The demise of Grand Cape Mount County Senator, Edward Dagoseh, is a huge loss to the Legislature and Liberia at large, said President George Weah.
The Liberian leader was speaking when he led an array of cabinet ministers to the Capitol Building on Tuesday for the signing of the Book of Condolence.
President Weah described Senator Dagoseh a “father figure” and “one who treated everybody with respect.” He said Dagoseh will be missed for the “enormous contributions and sacrifices he made to the State.”
“May the Good Lord console the bereaved family and am praying that they take solace in the Lord.”
Also registering his eulogy at the event was former senator of Sinoe County, now Minister of Public Works, Mobutu Nyenpan. He said the passing of Senator Dagoseh was a sad development for Liberia owing to his “brilliance” at the Legislature.
Reflecting on his relationship with the fallen lawmaker, Nyenpan said: “Senator Dagoseh and I worked together for three years at the Liberian Senate. He always made things happen for everyone when he was the chairman on the Ways, Means and Finance committee. Grand Cape Mount
County has lost a very strong representation.”

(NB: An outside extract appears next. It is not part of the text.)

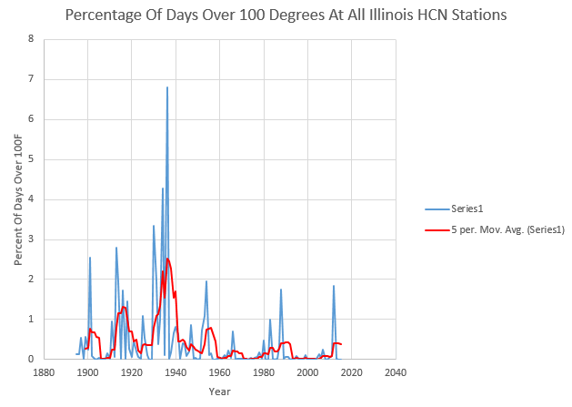 Prior to 1960, 100 degree days were very common in Illinois, but they rarely happen any more.

Doctors pronounced Senator Dagoseh dead on June 1 after battling cancer at the Kingdom Care Medical Center in Paynesville, outside Monrovia. He was elected to the Senate in October 2011 on the ticket of the Unity Party.
Dagoseh was revered as the founding chairman of the Public Accounts and Expenditure committee of the National Legislature and former chairman of the Senate committee on Ways, Means, and inance.
His death brings to three the number of lawmakers of the 54th National Legislature who died in 2019, alone.
In the morning hours of March 25, Liberians woke up to the news of the death of Montserrado County’s District #15 Representative Adolph Lawrence in a road accident near the Tower Hill Community in Margibi County while en-route from Grand Bassa County.
Also, Montserrado County Senator Geraldine Doe-Sheriff died in February, from cancer at the Korle-Bo Teaching Hospital in Accra, Ghana.